The first thing that surprised me in the article was the word problem about converting grain into protein on page 21. From my experience, and maybe I am the exception, when I received word problems in my math classes, I never thought about what they were really saying. I guess, maybe I was conditioned by a lot of contrived problems, but when I see a word problem I am immediately thinking of how to translate it into math, and paying little attention to the actual message or politics it might be conveying. We can take a look at it from the point of view of an art class. Do we make children paint global crises in the art classroom? Sometimes, perhaps, but definitely not something we'd see in every class.
The second thing that surprised me was how the author is set on "ethics of mathematics". If we think of mathematics as humans reasoning abstractly about the natural (or artificial) world, then mathematics is free of "ethics". Ethics would just come from what we do with it. Mathematics, as a language that has added reasoning, is by definition free of judgement or ethics or politics. Infusing any of these with it, is our decision in how we shape it.

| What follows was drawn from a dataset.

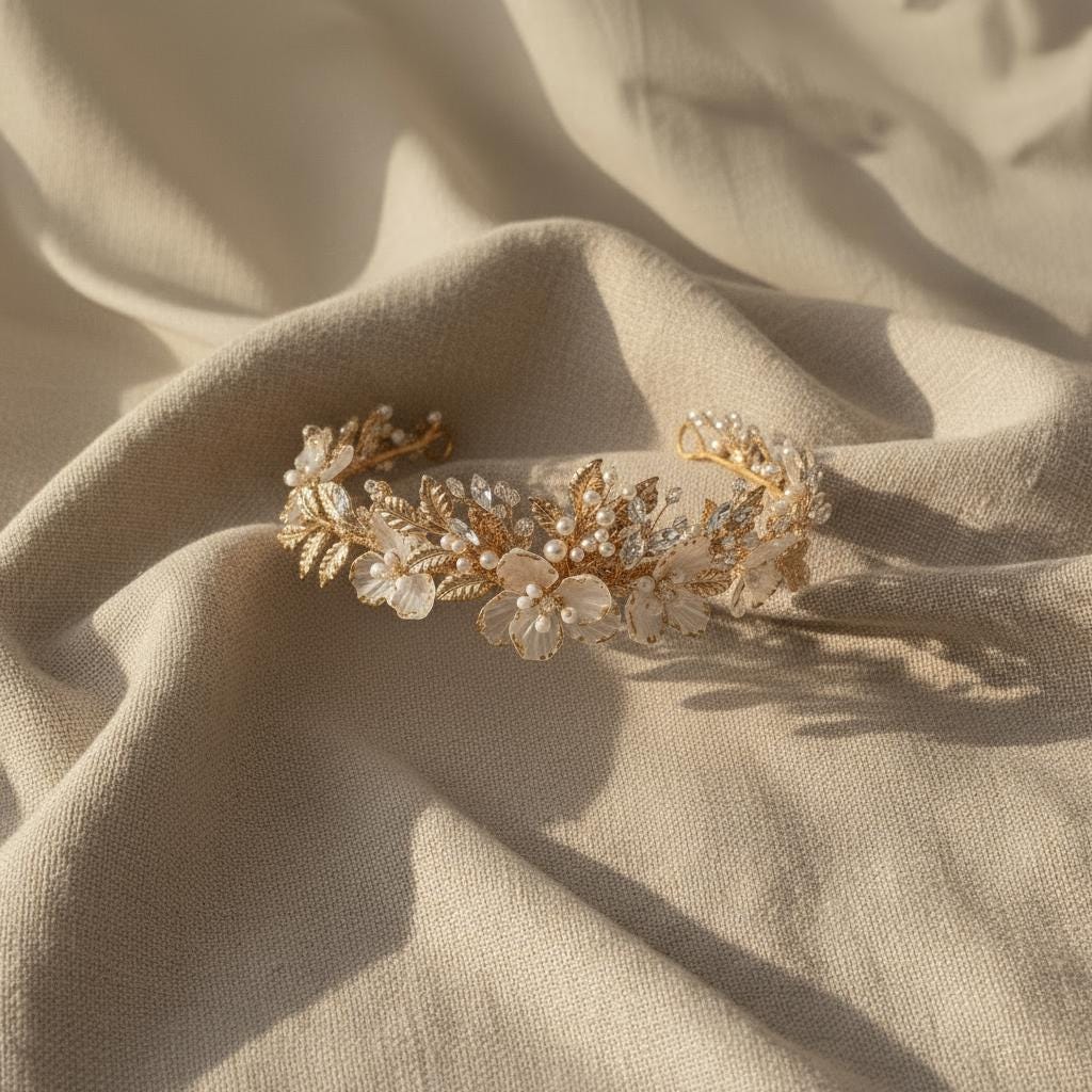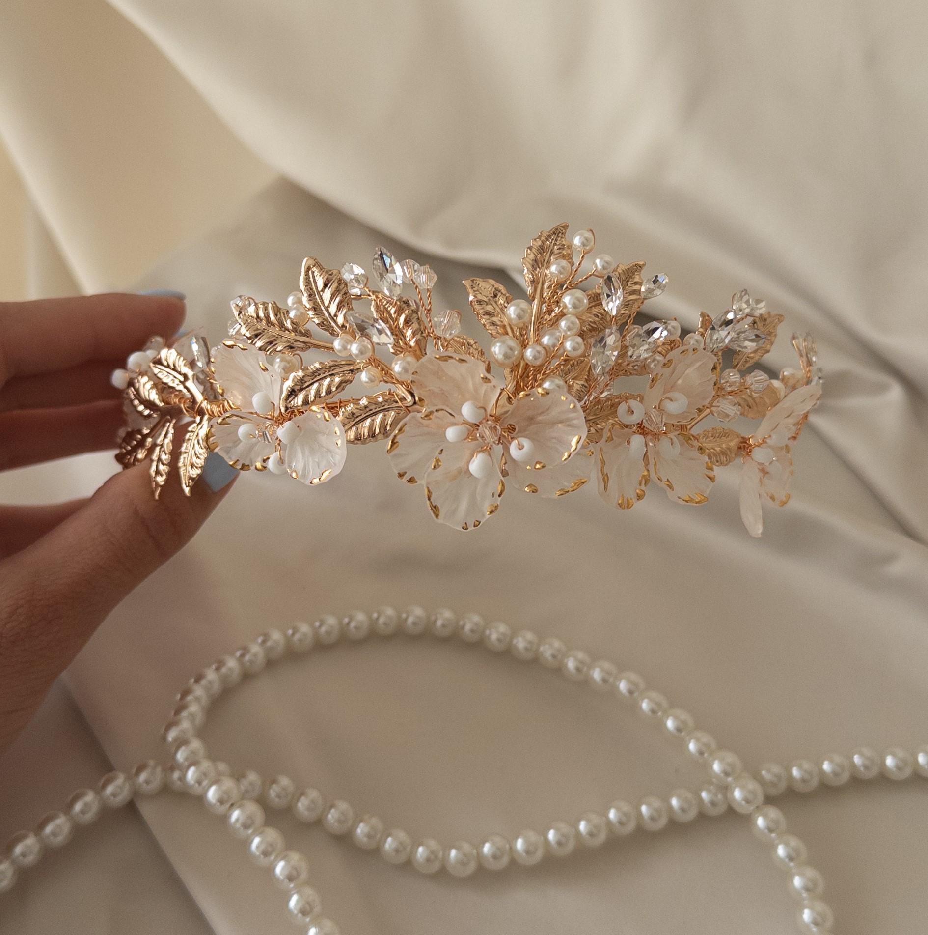 Gold floral crown, Flower bridal headpiece, Flower bridal tiara, Fl...

That is not to say we cannot discuss such topics in the classroom. My view is to keep math pure, with psychological, political, social problems to be addressed separately, not enmeshed with the material. Math is hard enough. That is not to say that we'd never have real world math problems with contemporary issues, but as we all know that teaching is more than just delivering the material, I believe getting students to like math for its own sake is a priority.